**PROBLEM DETAILS:** Write out, word for word and with no pictures, each line below from the one containing "1. Tap Transfer" through the one containing "Nuestro guiño de", both included, and no other line.

**INPUT DATA:**
========================================================================

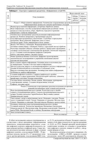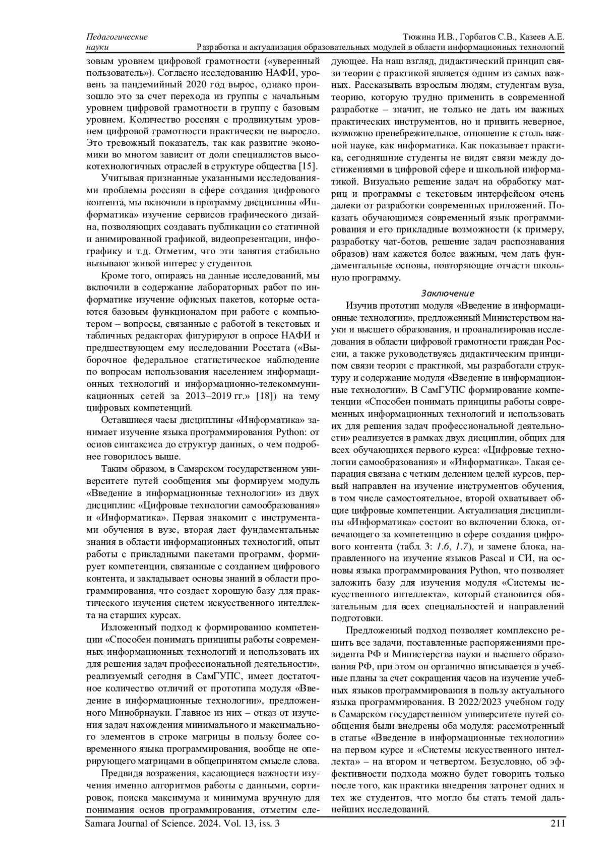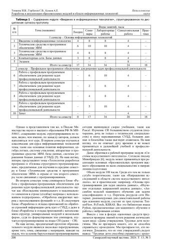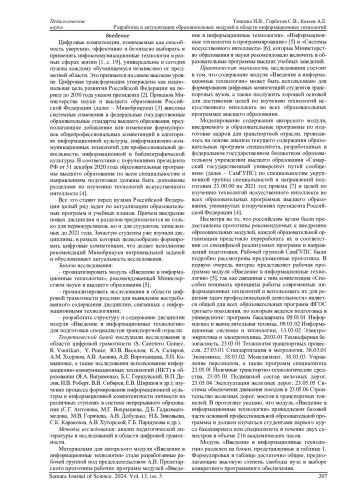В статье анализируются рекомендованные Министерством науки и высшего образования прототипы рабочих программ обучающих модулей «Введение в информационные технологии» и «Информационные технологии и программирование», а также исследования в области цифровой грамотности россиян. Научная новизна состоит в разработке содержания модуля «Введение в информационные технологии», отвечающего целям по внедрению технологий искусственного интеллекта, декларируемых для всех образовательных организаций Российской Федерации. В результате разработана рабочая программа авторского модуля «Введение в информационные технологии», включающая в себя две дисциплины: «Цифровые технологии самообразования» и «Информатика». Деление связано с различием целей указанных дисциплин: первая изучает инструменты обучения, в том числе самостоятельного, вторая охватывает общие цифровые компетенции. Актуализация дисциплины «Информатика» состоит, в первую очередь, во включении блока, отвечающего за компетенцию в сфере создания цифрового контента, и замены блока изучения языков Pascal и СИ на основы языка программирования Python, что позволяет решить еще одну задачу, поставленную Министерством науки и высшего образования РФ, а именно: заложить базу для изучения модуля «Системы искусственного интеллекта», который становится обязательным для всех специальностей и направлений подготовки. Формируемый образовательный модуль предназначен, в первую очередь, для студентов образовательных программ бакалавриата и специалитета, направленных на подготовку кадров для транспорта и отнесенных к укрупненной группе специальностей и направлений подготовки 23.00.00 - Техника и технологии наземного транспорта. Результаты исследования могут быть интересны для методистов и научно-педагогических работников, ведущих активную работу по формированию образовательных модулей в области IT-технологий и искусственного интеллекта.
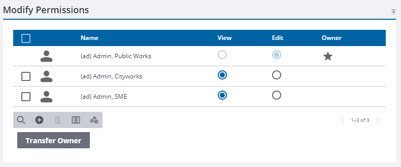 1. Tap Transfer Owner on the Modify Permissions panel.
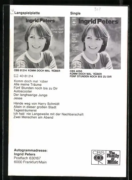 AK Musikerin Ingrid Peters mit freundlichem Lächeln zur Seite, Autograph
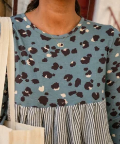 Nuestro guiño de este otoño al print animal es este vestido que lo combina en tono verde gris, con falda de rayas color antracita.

========================================================================

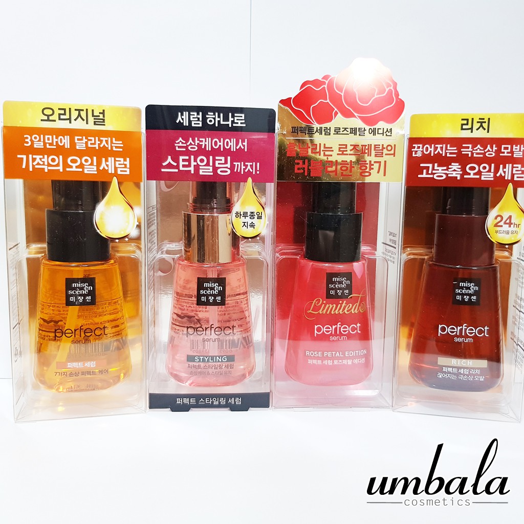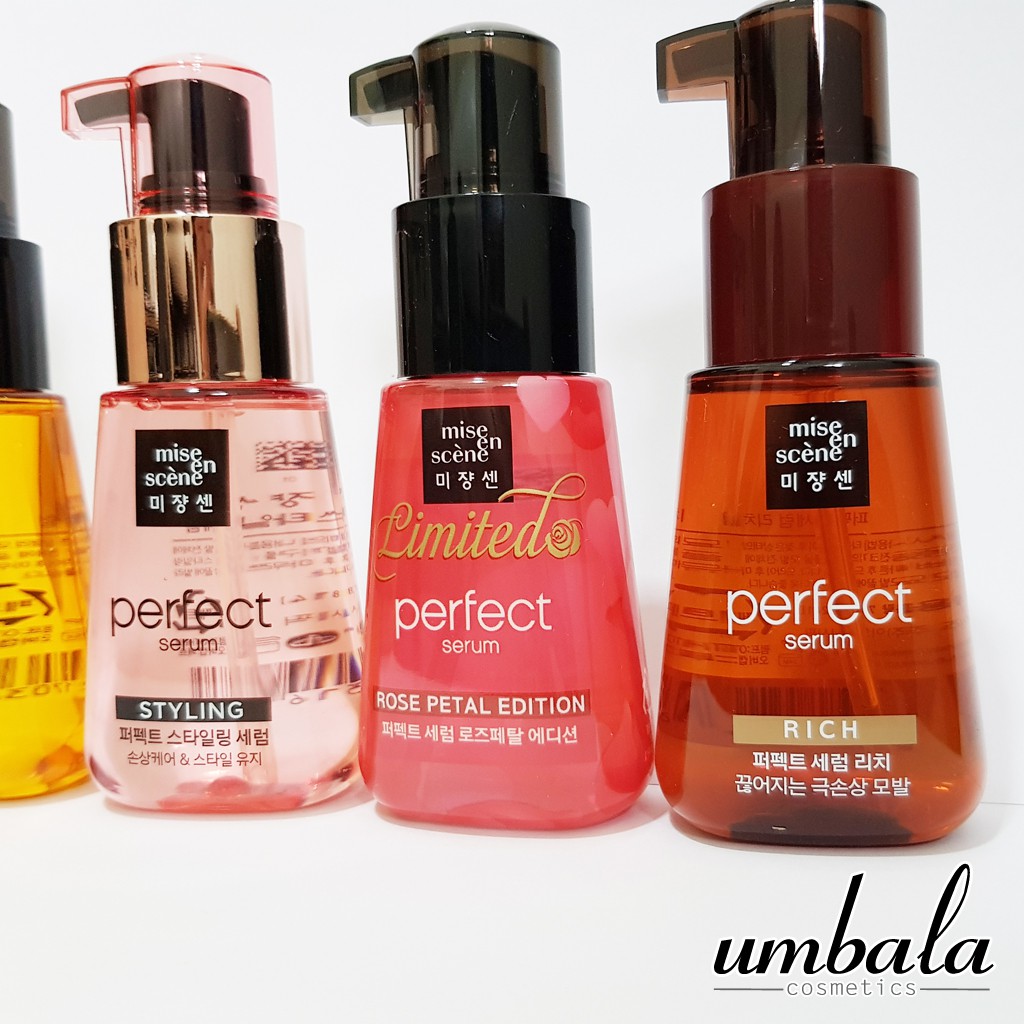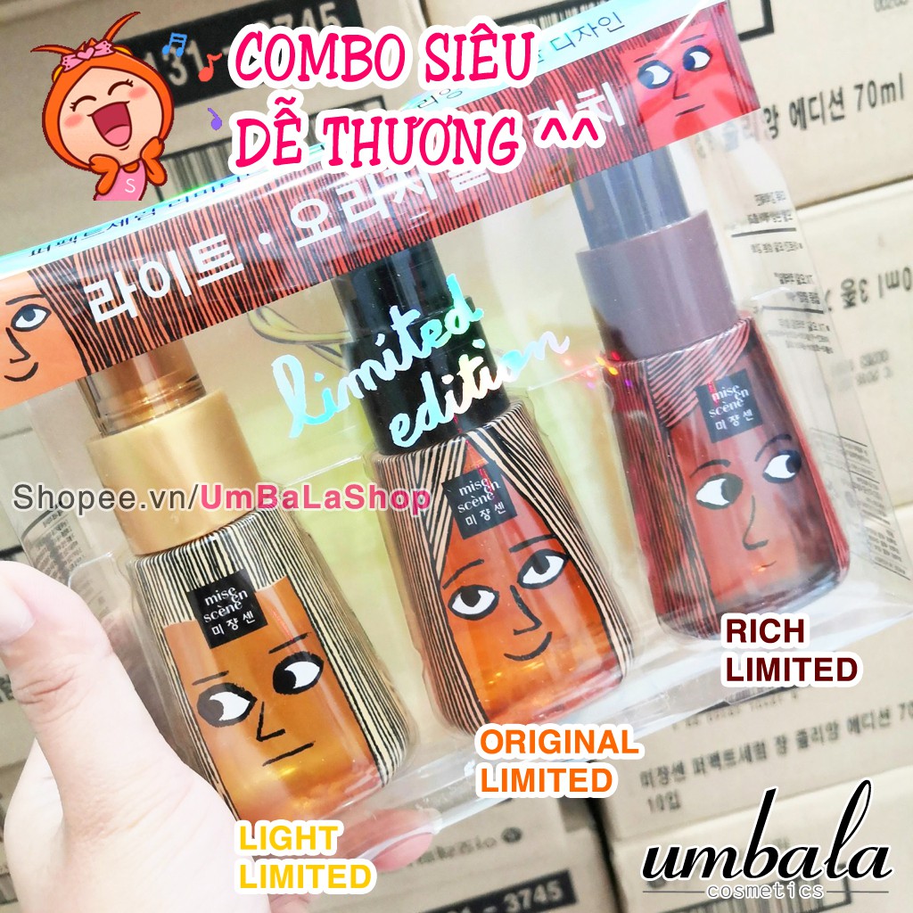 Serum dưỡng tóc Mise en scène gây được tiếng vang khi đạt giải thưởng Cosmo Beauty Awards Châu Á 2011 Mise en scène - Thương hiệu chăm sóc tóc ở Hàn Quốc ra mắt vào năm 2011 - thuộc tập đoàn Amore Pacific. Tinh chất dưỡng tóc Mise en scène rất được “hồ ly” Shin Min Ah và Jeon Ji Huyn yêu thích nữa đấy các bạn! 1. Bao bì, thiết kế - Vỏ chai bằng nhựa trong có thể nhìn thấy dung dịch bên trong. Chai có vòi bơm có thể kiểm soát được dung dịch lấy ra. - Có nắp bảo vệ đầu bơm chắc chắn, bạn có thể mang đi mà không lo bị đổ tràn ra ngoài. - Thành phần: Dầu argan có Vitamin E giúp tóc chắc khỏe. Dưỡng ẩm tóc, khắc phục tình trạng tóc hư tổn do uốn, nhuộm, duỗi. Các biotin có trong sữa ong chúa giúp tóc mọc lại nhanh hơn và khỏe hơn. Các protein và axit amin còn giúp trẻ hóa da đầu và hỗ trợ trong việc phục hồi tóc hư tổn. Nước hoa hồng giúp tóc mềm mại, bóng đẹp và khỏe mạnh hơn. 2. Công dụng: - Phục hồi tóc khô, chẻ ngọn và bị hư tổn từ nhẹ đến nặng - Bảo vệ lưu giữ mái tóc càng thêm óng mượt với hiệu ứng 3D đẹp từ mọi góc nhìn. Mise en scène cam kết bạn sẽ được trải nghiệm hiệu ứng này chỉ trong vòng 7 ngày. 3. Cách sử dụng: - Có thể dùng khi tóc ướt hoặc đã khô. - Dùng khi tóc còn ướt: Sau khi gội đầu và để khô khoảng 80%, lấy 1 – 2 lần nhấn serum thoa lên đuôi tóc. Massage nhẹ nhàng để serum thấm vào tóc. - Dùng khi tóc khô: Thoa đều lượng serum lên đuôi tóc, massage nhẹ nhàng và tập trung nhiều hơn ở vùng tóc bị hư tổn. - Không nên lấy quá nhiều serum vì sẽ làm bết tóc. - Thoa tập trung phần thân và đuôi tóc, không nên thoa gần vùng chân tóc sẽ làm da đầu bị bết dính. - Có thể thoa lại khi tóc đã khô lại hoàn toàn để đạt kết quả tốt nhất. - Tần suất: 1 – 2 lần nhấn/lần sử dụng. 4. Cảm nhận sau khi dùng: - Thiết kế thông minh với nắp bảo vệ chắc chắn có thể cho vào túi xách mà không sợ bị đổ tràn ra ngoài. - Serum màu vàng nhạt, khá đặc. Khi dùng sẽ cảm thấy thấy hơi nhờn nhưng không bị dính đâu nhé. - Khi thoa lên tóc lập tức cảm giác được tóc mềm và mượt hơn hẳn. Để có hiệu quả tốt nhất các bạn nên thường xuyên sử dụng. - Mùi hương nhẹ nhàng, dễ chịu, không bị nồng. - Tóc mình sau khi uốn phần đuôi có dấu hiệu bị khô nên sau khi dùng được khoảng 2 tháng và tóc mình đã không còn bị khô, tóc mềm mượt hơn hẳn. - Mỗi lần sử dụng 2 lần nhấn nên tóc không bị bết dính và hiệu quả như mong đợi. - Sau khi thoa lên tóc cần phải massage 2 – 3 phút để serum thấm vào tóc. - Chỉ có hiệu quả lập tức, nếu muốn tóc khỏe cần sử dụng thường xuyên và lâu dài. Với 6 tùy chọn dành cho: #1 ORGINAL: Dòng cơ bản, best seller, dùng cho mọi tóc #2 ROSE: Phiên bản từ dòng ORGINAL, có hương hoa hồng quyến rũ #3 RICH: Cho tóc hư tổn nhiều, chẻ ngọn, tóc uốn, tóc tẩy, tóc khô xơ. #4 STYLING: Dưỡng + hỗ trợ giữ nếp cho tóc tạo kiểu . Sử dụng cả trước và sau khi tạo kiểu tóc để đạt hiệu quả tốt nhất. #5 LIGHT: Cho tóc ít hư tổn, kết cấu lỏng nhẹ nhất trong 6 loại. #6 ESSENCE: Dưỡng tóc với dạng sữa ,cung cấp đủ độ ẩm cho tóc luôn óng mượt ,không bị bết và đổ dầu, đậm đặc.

========================================================================

**ANSWER SECTION:**
 1. Tap Transfer Owner on the Modify Permissions panel.
 AK Musikerin Ingrid Peters mit freundlichem Lächeln zur Seite, Autograph
 Nuestro guiño de este otoño al print animal es este vestido que lo combina en tono verde gris, con falda de rayas color antracita.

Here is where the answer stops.